Cokes

Cokes are carbonaceous solid fuels produced by the thermal decomposition of organic materials and used across metallurgical, chemical, and energy industries. Originating in processes associated with coal processing and petroleum refining, cokes serve as reductants, carburizers, and heat sources in operations ranging from blast furnaces to foundries. Their composition and properties vary with feedstock and processing conditions, yielding products with distinct porosities, fixed carbon contents, and volatile fractions.

Etymology and Definitions

The term derives from historical industrial terminology associated with coal carbonization in late medieval and early modern England and later industrial centers such as Birmingham and Newcastle upon Tyne. Early lexicons contrasted coke with coal and charcoal in treatises produced during the Industrial Revolution and referenced in works by figures connected to James Watt and Matthew Boulton. Definitions evolved in standards published by organizations like International Organization for Standardization and American Society for Testing and Materials which categorize metallurgical coke, foundry coke, petroleum coke, and coke breeze. Legal and regulatory documents from agencies such as the Environmental Protection Agency and ministries in Germany and Japan further refine definitions used in permitting and trade.

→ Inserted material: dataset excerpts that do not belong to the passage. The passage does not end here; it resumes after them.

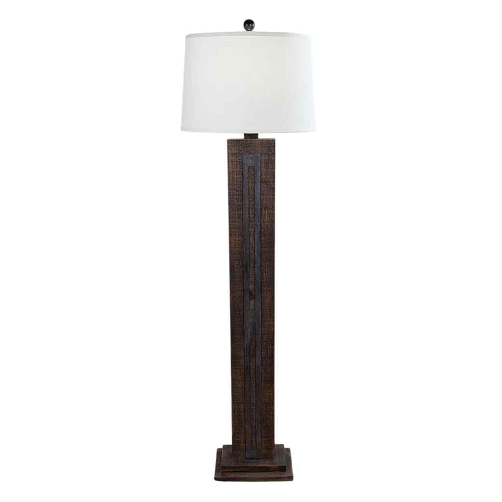 All Rough Sawn Floor Lamp W/ Tarnished Metal Accent
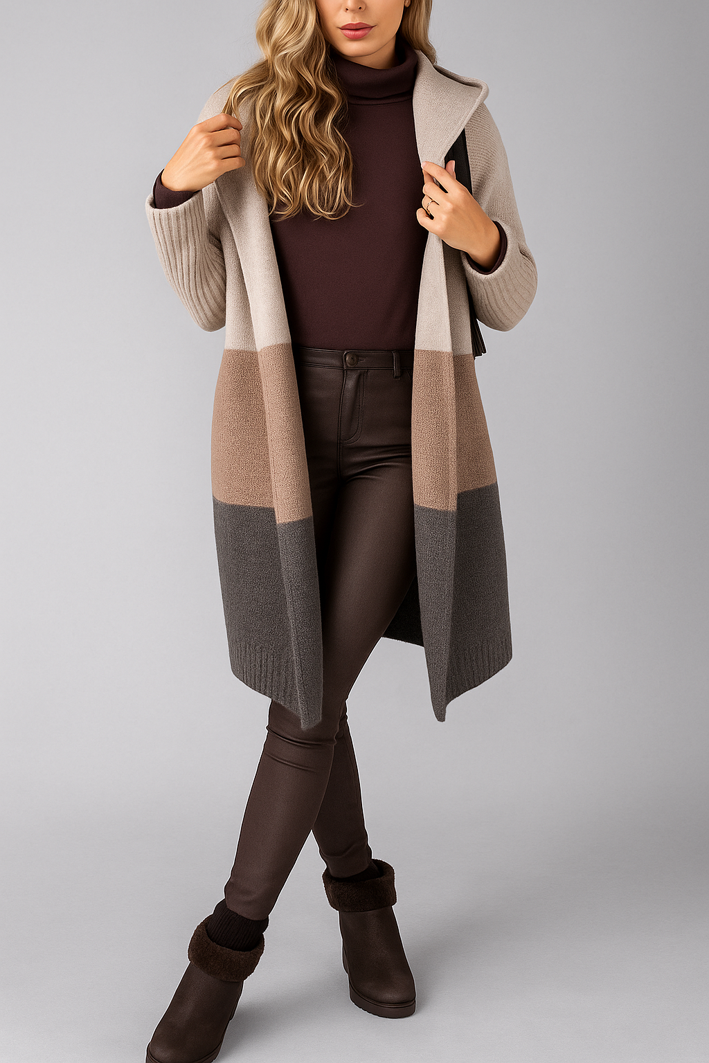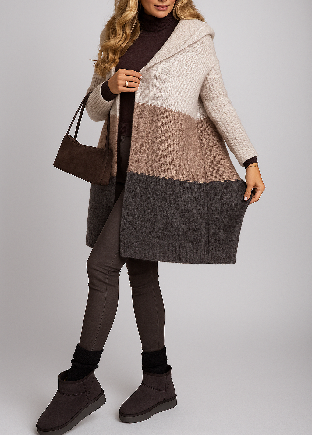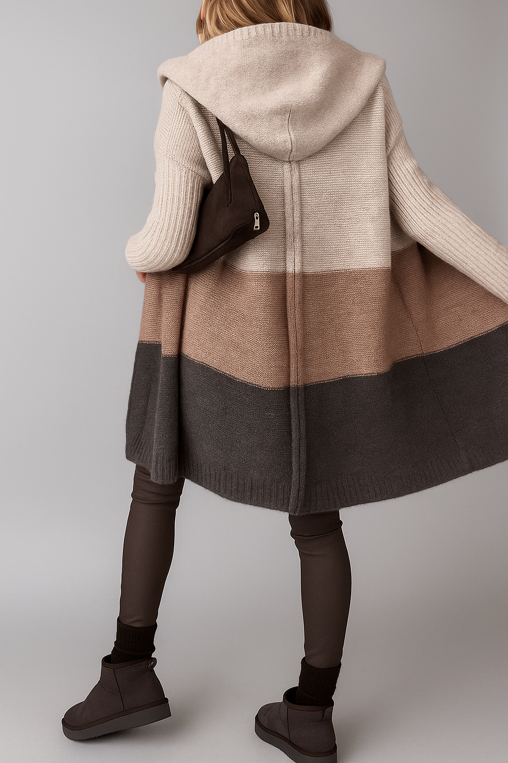 Mit seiner neutralen Farbpalette in Schwarz, Grau und Beige ist der Emilia Cardigan Hoodie unglaublich vielseitig und lässt sich mühelos mit Jeans, Leggings oder Röcken kombinieren.
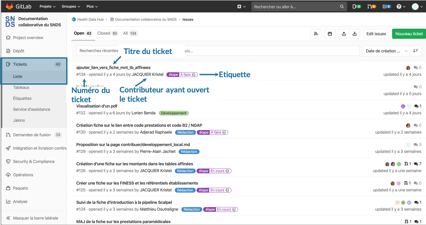 Les tickets sont des outils de communications autour du projet de la documentation. Ils peuvent être utilisés pour proposer un nouveau sujet de fiche, proposer des modifications dans une fiche, signaler une erreur, signaler un bug dans les outils. Ils peuvent être attribués à une ou plusieurs personnes en désignant des assignés. Les tickets comportent une section commentaires, permettant de commencer une discussion avec les différents participants du ticket.
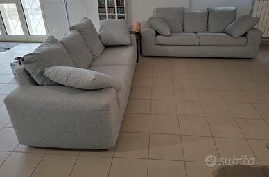 Vendo 2 divani 3 posti con letto matrimoniale marca PoltroneSofà sfoderabili pari al nuovo utilizzati pochissimo. 1 divano mai aperto come letto e 1 usato 3 volte. Colore grigio chiaro. 2 anni di vita. Vendo proprio perché inutilizzati. Misure L 215 P92 H88 (schienale) A coppia 700 euro Singoli 400 euro l'uno Ritiro a carico dell'acquirente No perditempo o affaristi e soprattutto no scambi con nessun altro oggetto

Types and Production Processes

Major categories include metallurgical coke derived from bituminous coal, petroleum coke formed in delayed coking units, and coke derived from lignite or biomass through gasification and pyrolysis. Metallurgical coke production involves byproducts recovered in coke ovens in plants influenced by technologies developed in regions like Donetsk and Ruhr, employing beehive, slot, and by-product coke ovens designed with process controls from firms such as Siemens and Voestalpine. Petroleum coke forms during thermal cracking in refineries operated by corporations like ExxonMobil and Shell plc using delayed coking and fluid coking units. Calcination in plants operated by companies such as Alcoa and Anode Materials Corp upgrades green petroleum coke into calcined petroleum coke used for electrodes. Processes like fluidized-bed pyrolysis and rotary kiln calcination, applied in facilities modeled after installations in Shanghai and Houston, Texas, influence microstructure and ash content.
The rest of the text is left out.